> **REQUIREMENT**
Any picture in the data below gets skipped; print all the rest exactly.

> **GIVEN DATA**
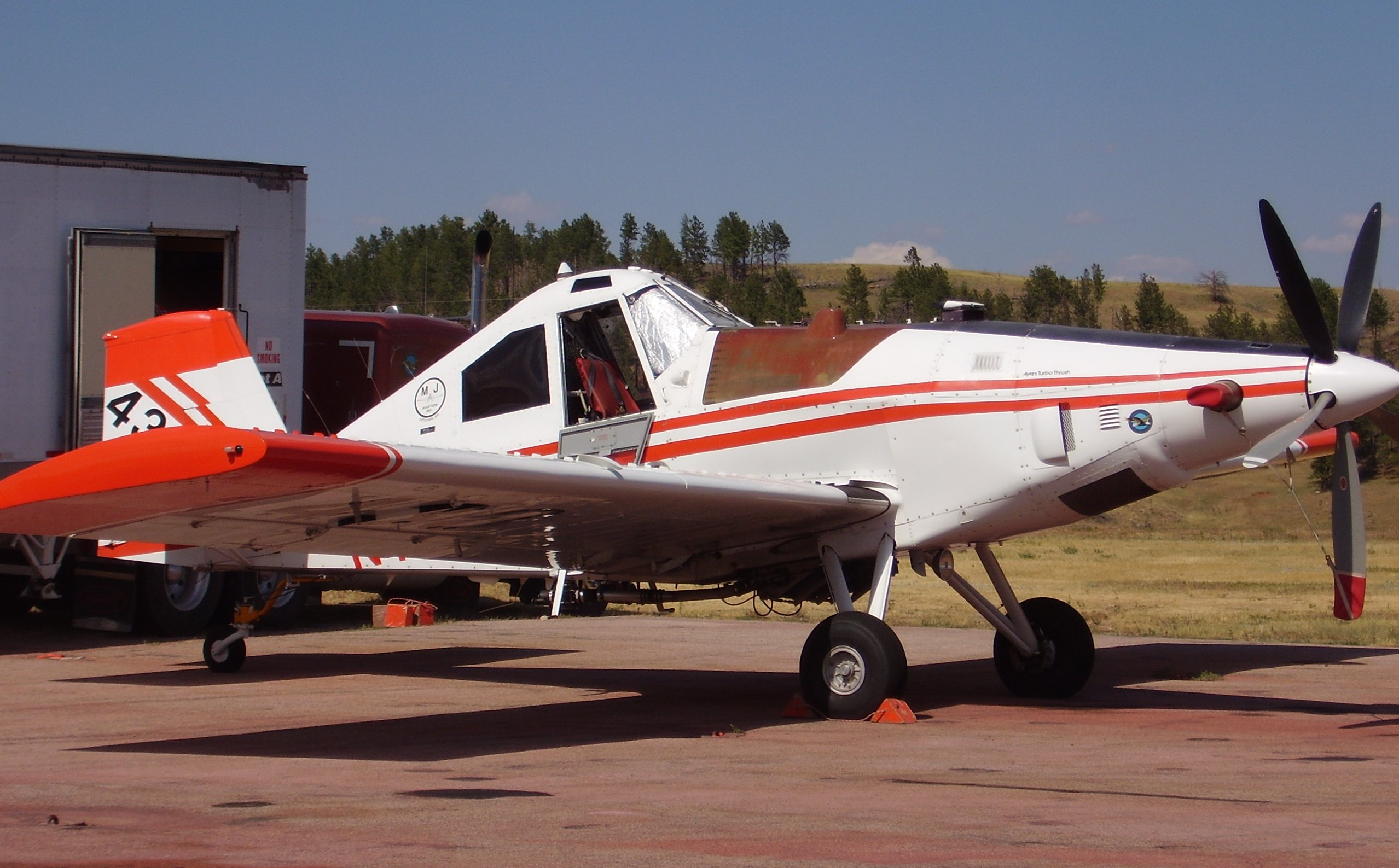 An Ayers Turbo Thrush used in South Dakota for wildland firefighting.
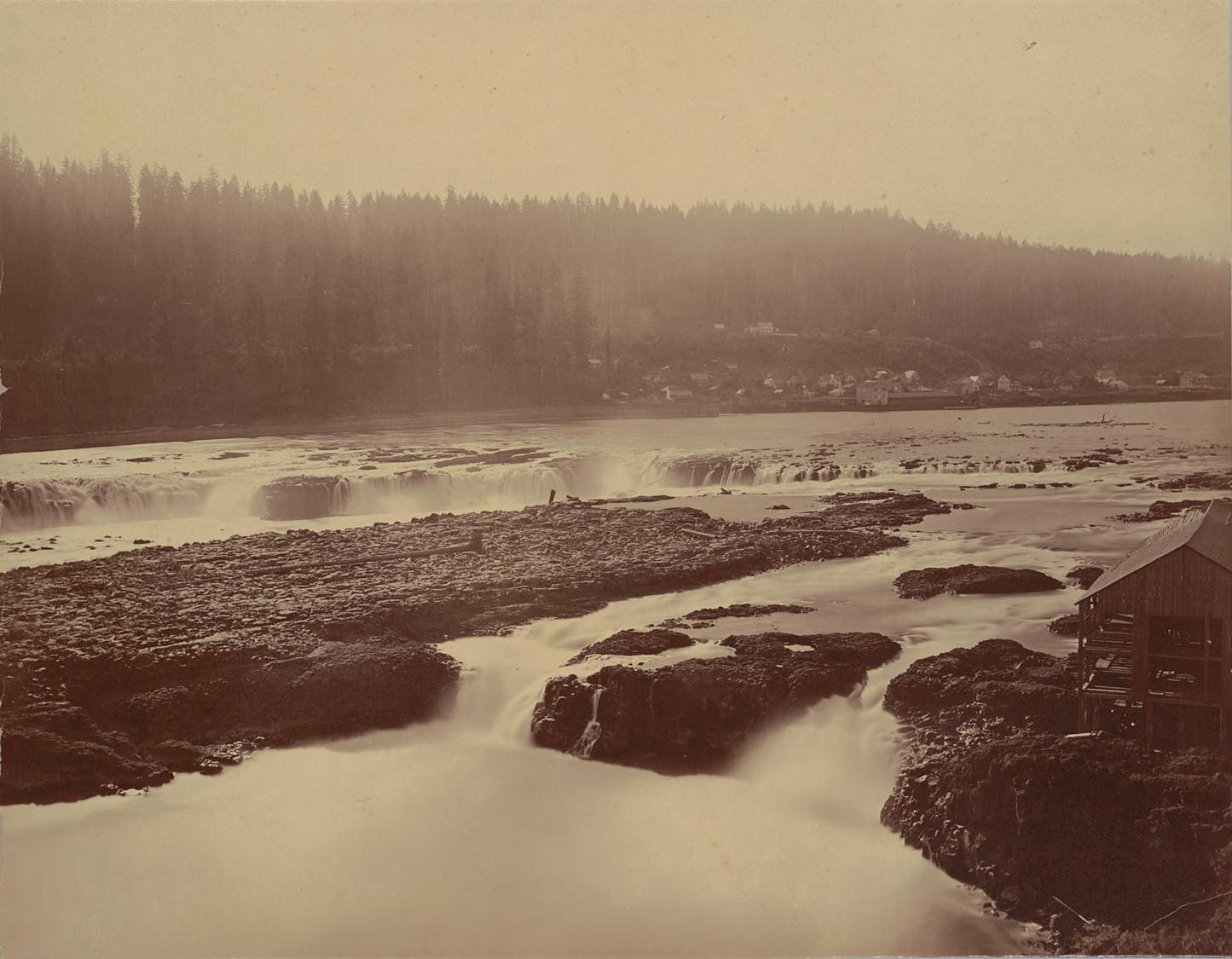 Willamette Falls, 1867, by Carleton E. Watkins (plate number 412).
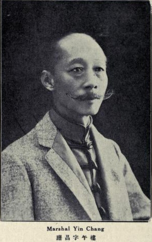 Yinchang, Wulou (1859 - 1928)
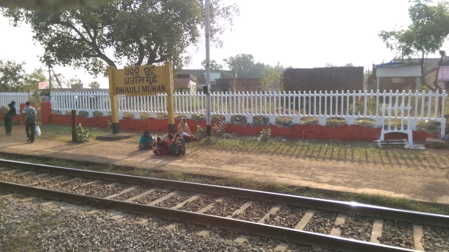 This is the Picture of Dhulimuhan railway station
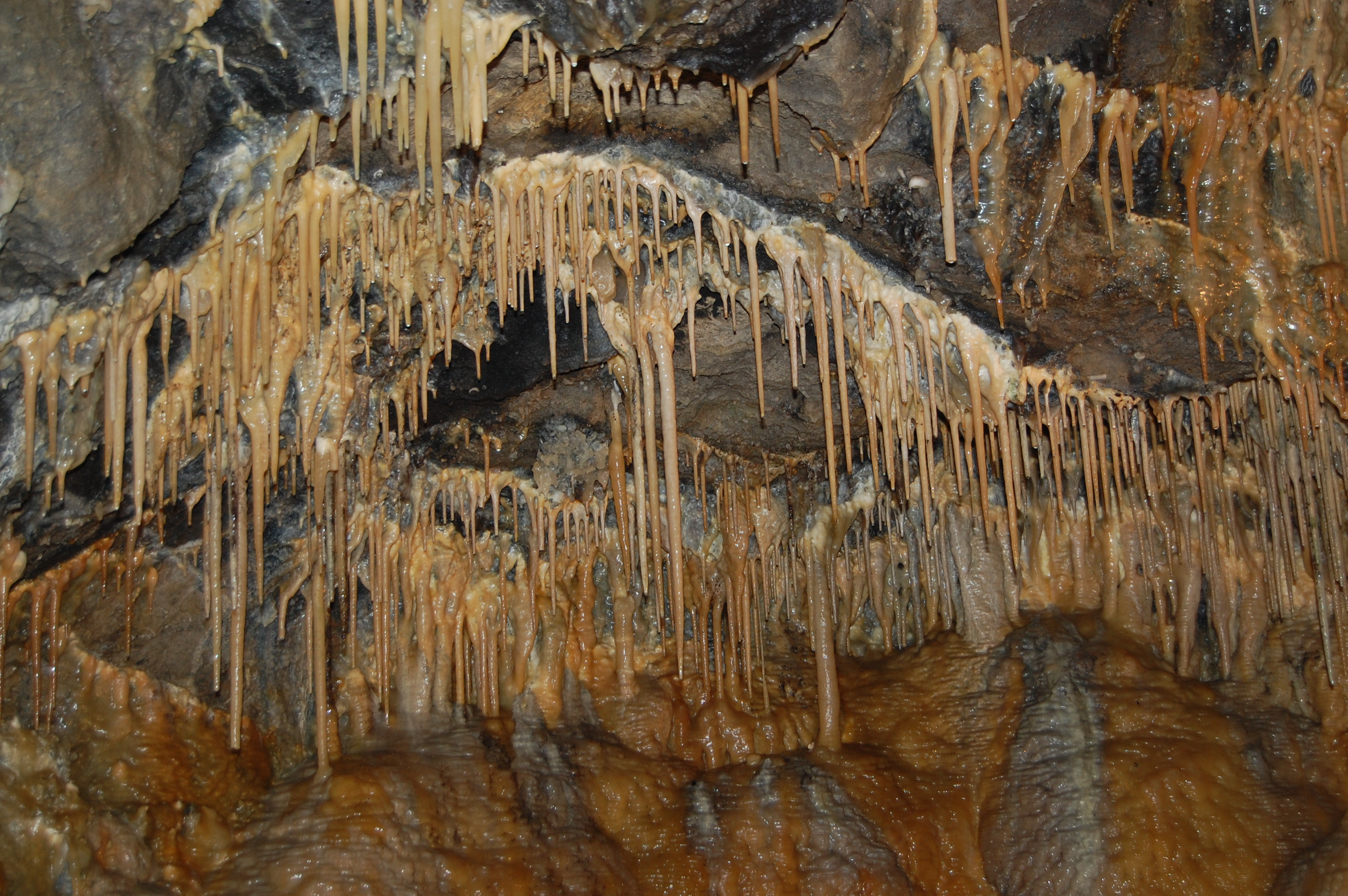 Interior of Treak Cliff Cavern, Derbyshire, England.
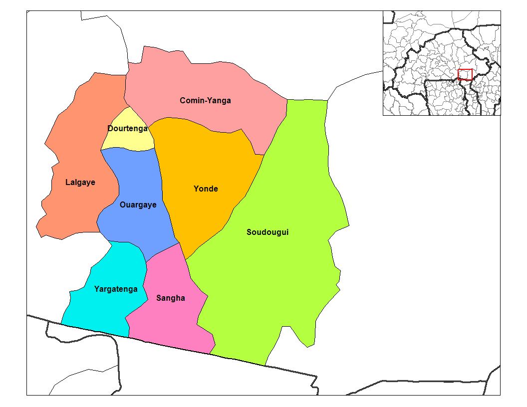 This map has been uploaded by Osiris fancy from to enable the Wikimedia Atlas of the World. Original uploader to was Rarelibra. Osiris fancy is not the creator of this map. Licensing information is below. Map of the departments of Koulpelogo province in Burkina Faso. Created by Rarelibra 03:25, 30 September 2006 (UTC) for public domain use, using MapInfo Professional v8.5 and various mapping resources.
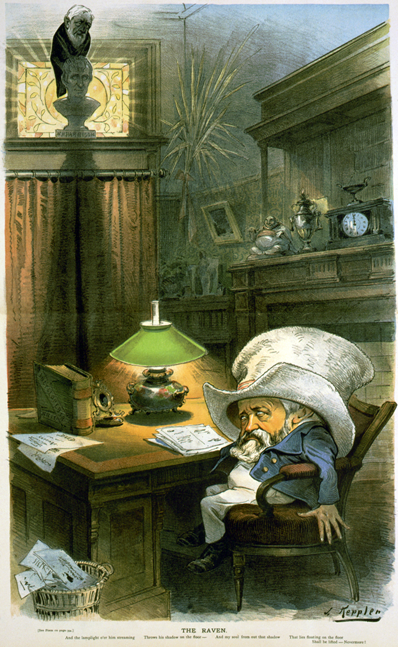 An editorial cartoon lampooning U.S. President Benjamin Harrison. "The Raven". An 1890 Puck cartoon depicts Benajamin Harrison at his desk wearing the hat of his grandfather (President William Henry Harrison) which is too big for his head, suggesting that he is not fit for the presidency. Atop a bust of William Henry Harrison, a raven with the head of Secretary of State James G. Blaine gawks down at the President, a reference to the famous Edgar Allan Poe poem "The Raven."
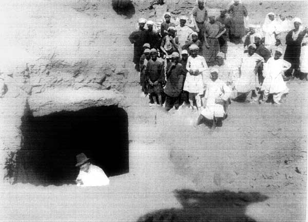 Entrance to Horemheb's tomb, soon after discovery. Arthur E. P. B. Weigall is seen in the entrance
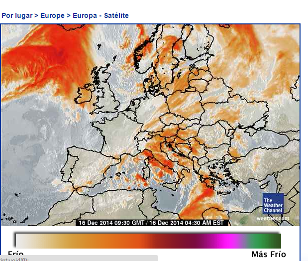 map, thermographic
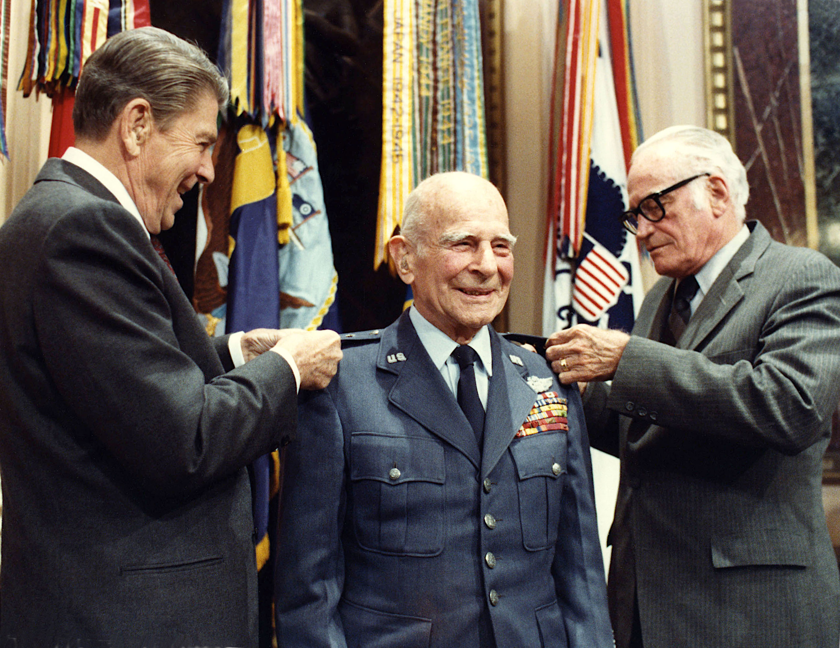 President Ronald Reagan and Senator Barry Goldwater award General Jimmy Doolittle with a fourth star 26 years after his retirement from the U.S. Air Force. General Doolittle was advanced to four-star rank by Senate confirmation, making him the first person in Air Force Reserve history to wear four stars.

> **YOUR SOLUTION**
 An Ayers Turbo Thrush used in South Dakota for wildland firefighting.
 Willamette Falls, 1867, by Carleton E. Watkins (plate number 412).
 Yinchang, Wulou (1859 - 1928)
 This is the Picture of Dhulimuhan railway station
 Interior of Treak Cliff Cavern, Derbyshire, England.
 This map has been uploaded by Osiris fancy from to enable the Wikimedia Atlas of the World. Original uploader to was Rarelibra. Osiris fancy is not the creator of this map. Licensing information is below. Map of the departments of Koulpelogo province in Burkina Faso. Created by Rarelibra 03:25, 30 September 2006 (UTC) for public domain use, using MapInfo Professional v8.5 and various mapping resources.
 An editorial cartoon lampooning U.S. President Benjamin Harrison. "The Raven". An 1890 Puck cartoon depicts Benajamin Harrison at his desk wearing the hat of his grandfather (President William Henry Harrison) which is too big for his head, suggesting that he is not fit for the presidency. Atop a bust of William Henry Harrison, a raven with the head of Secretary of State James G. Blaine gawks down at the President, a reference to the famous Edgar Allan Poe poem "The Raven."
 Entrance to Horemheb's tomb, soon after discovery. Arthur E. P. B. Weigall is seen in the entrance
 map, thermographic
 President Ronald Reagan and Senator Barry Goldwater award General Jimmy Doolittle with a fourth star 26 years after his retirement from the U.S. Air Force. General Doolittle was advanced to four-star rank by Senate confirmation, making him the first person in Air Force Reserve history to wear four stars.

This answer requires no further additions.